7. Convert to PyTorch tensor:
```
input_tensor = torch.tensor(image_np).permute(2, 0, 1).unsqueeze(0).float()
input_tensor = input_tensor.to(device)
```
We convert the numpy array to a PyTorch tensor, rearrange its dimensions (from HWC to CHW format), add a batch dimension, convert to float, and move it to the appropriate device. PyTorch tensors are similar to numpy arrays but can be processed on GPUs and are designed for automatic differentiation, which is crucial for neural networks.  This is currical step in NN using PyTorch or Tensorflow.  Please see "tensor.ipynb".

8. Perform inference:
```
with torch.no_grad():
    outputs = model(input_tensor)
```
We run the image through the model. The `with torch.no_grad():` context ensures that we're not tracking gradients, which is not necessary for inference and saves memory.

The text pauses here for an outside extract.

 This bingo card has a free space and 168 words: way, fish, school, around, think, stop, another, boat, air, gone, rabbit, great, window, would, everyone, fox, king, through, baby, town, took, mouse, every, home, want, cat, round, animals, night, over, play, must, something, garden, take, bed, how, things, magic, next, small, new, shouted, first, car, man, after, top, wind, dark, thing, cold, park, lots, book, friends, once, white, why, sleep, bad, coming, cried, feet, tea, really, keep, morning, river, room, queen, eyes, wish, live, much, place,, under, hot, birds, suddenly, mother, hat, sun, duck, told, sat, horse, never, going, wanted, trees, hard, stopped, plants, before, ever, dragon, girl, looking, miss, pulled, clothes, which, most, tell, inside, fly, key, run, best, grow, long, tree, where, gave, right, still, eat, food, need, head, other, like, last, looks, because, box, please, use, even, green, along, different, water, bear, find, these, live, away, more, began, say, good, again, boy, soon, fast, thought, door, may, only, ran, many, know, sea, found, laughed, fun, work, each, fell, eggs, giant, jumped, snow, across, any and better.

9. Get and print the top prediction:
```
predicted_class_idx = outputs.logits.argmax(-1).item()
predicted_class = model.config.id2label.get(predicted_class_idx, f"Unknown (ID: {predicted_class_idx})")
print(f"The image is classified as: {predicted_class}")
```
We get the index of the highest logit, convert it to a class label using the model's `id2label` mapping, and print the result.

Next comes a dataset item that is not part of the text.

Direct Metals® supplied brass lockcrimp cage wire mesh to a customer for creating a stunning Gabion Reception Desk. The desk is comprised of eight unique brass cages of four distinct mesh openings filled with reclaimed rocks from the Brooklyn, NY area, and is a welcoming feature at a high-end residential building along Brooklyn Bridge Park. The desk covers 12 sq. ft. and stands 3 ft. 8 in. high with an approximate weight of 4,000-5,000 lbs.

10. Get and print the top 5 predictions:
```
top5_prob, top5_catid = torch.topk(outputs.logits.softmax(dim=-1)[0], 5)
print("\nTop 5 predictions:")
for i in range(5):
    class_id = top5_catid[i].item()
    class_name = model.config.id2label.get(class_id, f"Unknown (ID: {class_id})")
    print(f"{class_name}: {top5_prob[i].item()*100:.2f}%")
```
We get the top 5 predictions, their probabilities, and print them. We use `get()` on `id2label` to handle cases where the ID might not be in the mapping.

11. Print information about the model's classes:
```python
print(f"\nTotal number of classes: {len(model.config.id2label)}")
print(f"Range of class IDs: 0 to {len(model.config.id2label) - 1}")
```
This gives us information about the number of classes the model can predict and the range of class IDs.

This code demonstrates the full pipeline of loading a pre-trained model, preprocessing an image, running inference, and interpreting the results. It's a great example for students to understand how deep learning models are used for practical tasks like image classification.